Guardias de la UE controlan frontera con Bielorrusia ante nueva crisis migratoria

Con prismáticos en el cuello, un oficial de la policía alemana que trabaja para la agencia europea de fronteras Frontex vigila un campo partido en dos por la frontera entre Bielorrusia y Lituania, nuevo punto de entrada de migrantes en la Unión Europea.

Más de 2.000 migrantes llegaron desde principios de año a Lituania, que forma parte de la UE y de la OTAN.

La mayoría de ellos proceden de Irak, pero las autoridades lituanas sospechan que el gobierno bielorruso, apoyado por Rusia, favorece este flujo considerable de migrantes como represalia a las sanciones de la UE a Minsk.

"Llegué el 1 de julio y desde entonces la situación (...) es muy tensa", reconoce Mike, que solo da su nombre como exige la reglamentación de Frontex.

Este policía, que ya había participado en la vigilancia de la frontera entre Bulgaria y Serbia, explica que detectó a 80 personas durante su primera patrulla nocturna en la frontera lituana.

Lituania, con 2,8 millones de habitantes, declaró el estado de emergencia y multiplicó sus esfuerzos diplomáticos para frenar esta llegada de migrantes.

El ministro lituano de Relaciones Exteriores, Gabrielius Landsbergis, viajó la semana pasada a Irak, donde se reunió con su homólogo Fouad Hussein, quien le prometió que investigarán sobre "los planes de transportar clandestinamente iraquíes a Europa".

El presidente del Consejo Europeo, Charles Michel, ya se había desplazado a principios de julio a la frontera entre Lituania y Bielorrusia, donde declaró que la UE "no se sentía intimidada" por este flujo migratorio.

- Una "crisis" migratoria para Lituania -

El Parlamento lituano aprobó recientemente una polémica ley que permite detener durante seis meses a personas migrantes y endurece las exigencias para solicitar el asilo.

En la localidad lituana de Druskininkai, seis tiendas de campaña fueron instalada cerca del puesto fronterizo.

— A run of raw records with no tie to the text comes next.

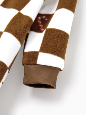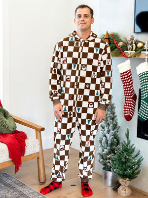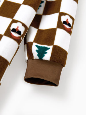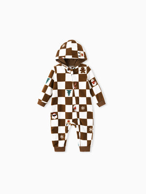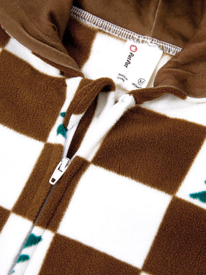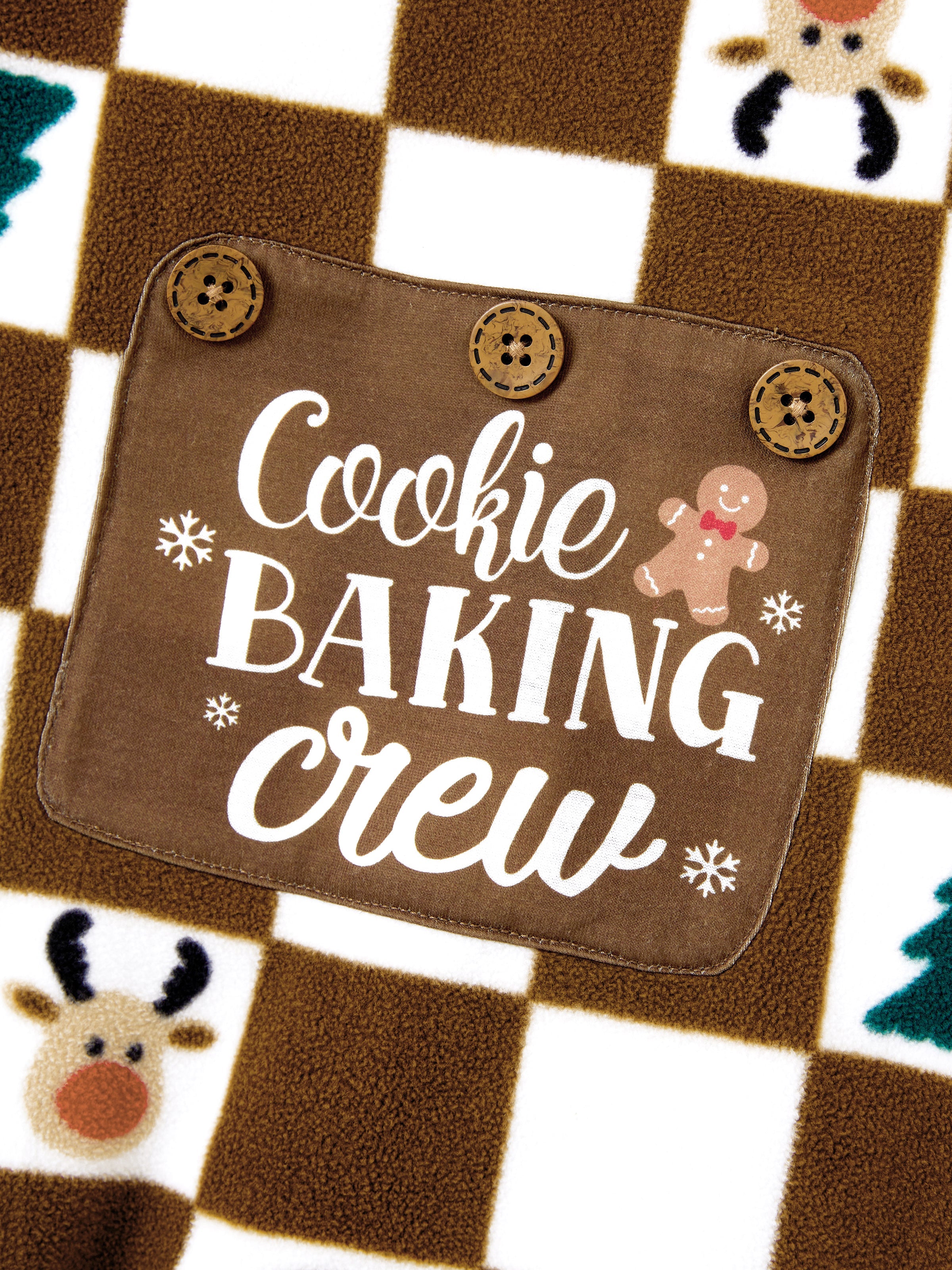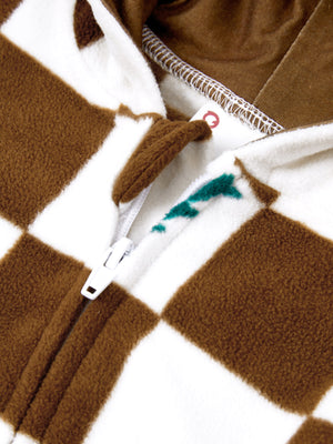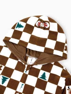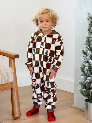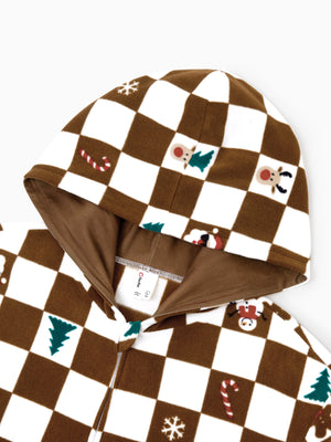 • Product features: Cozy fleece fabric for warmth, onesies with hooded, front zip and gingerbread Christmas-theme plaid print.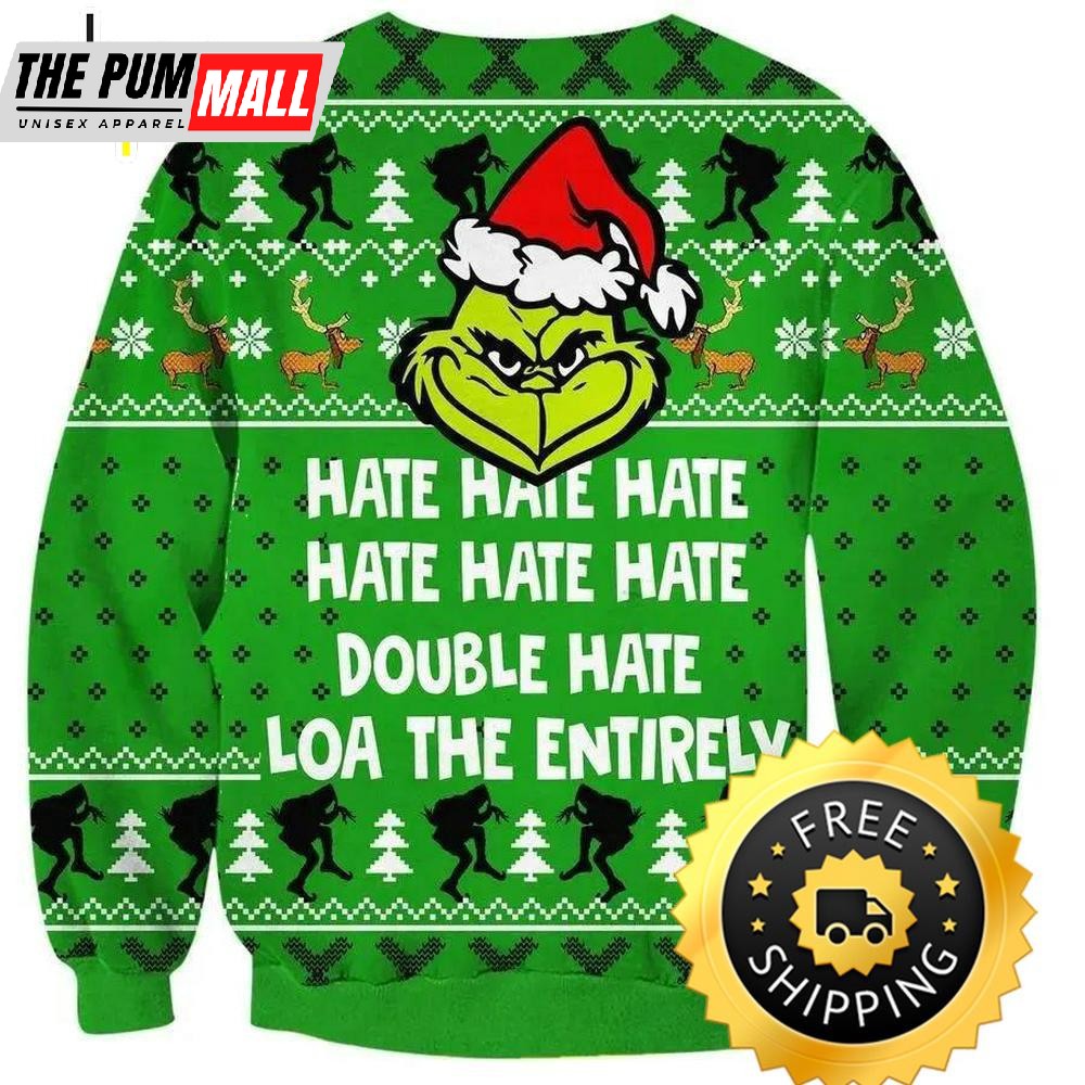 Grinch Hate Hate Hate Print Ugly Christmas Sweater, Christmas Grinch Sweater, Grinch Holiday Sweater
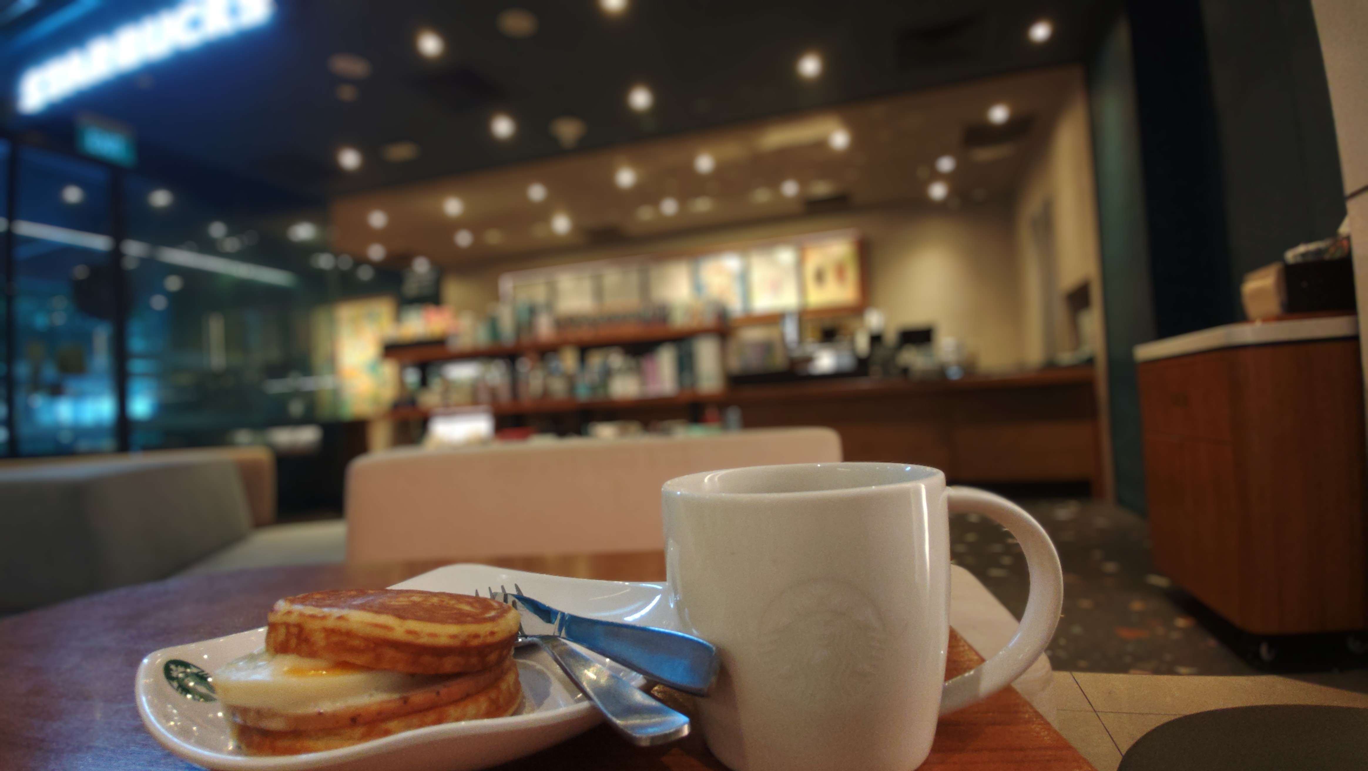 明くる朝は散歩を兼ねて宿から10分くらい歩いたスタバで朝食.バンズが甘いパンケーキで,目玉焼きとはちょっと合わなかった.8 SGDだったからちょうど1000日本円くらい. |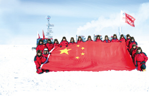 此次南极科考团中,一共有17名专家问鼎南极“冰穹A”。朱镇熹告诉记者,队员们到冰穹所做的第一件事,就是升上国旗,因为这代表着一种荣耀。那一天,南极澄澈的天空下,云彩呈现“放射状”,就如同孔雀开屏一样,把国旗映衬得格外美丽。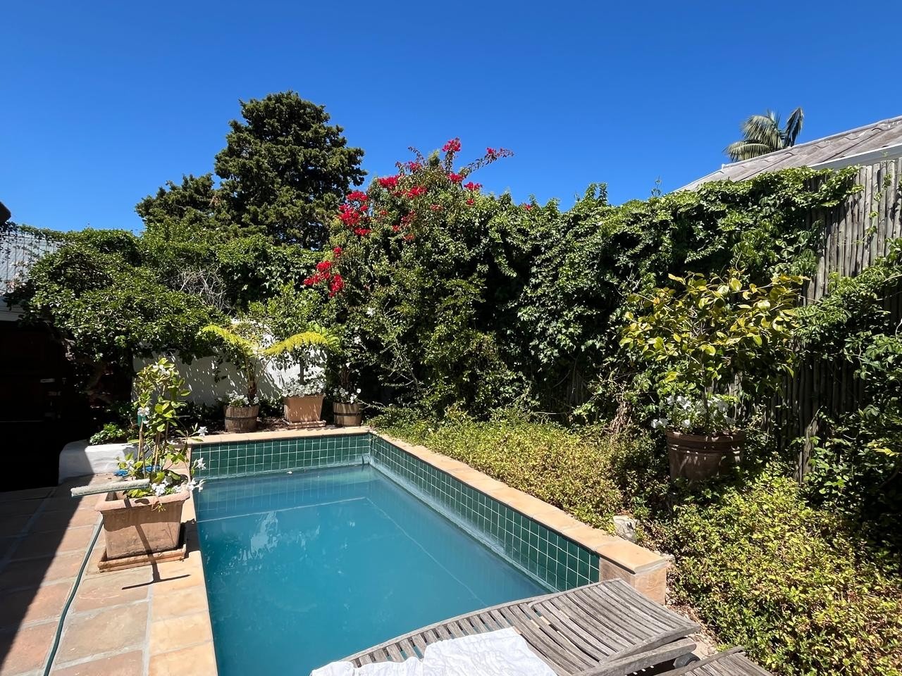 Outside, a compact, low-maintenance garden and pool provide a peaceful retreat.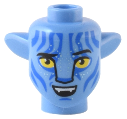 Minifigure, Head, Modified Alien Na'vi with Yellow Eyes, Silver Spots, Blue Markings, Open Mouth Smile with Top Teeth Pattern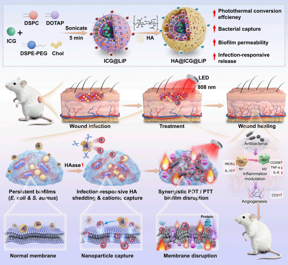 图1:HA@ICG@Lip纳米平台设计的示意图及其感染响应性抗菌机制,包括透明质酸酶触发的去屏蔽、增强的生物膜穿透、细菌捕获以及协同光热/光动力治疗。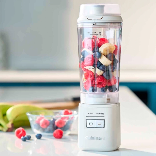 Представляем Cuisinart Blast & Go — наш самый мощный портативный блендер, созданный для активного образа жизни и высокой производительности. Будь вы в спортзале, в дороге или готовите быстрый завтрак дома — этот стильный, высокоэффективный блендер обеспечит свежие, вкусные смеси менее чем за 30 секунд.

Allí residen en precarias condiciones unos 130 migrantes, entre ellos mujeres y menores de edad, siendo un niño de seis meses el más pequeño de ellos.

Esperan que los trasladen a otros centros, donde pretenden terminar los trámites para solicitar el asilo.

"De repente, hemos visto cómo en un mes ha habido tantas llegadas irregulares como en un año", declaró esta semana a la AFP Fabrice Leggeri, el responsable de Frontex.

"Sin duda, se trata de una crisis teniendo en cuenta el tamaño de Lituania y su experiencia con este tipo de situaciones. Que lleguen migrantes irregulares, procedentes de Oriente Medio, del África, es algo a lo que este país no estaba acostumbrado", añadió.

Leggeri también lamentó que "los guardias fronterizos bielorrusos no parecen muy activos y que la cooperación, muy estrecha en el pasado, actualmente se encuentra en un punto muerto".

Frontex prevé haber desplegado antes de finales de julio unos 60 guardias fronterizos en Lituania.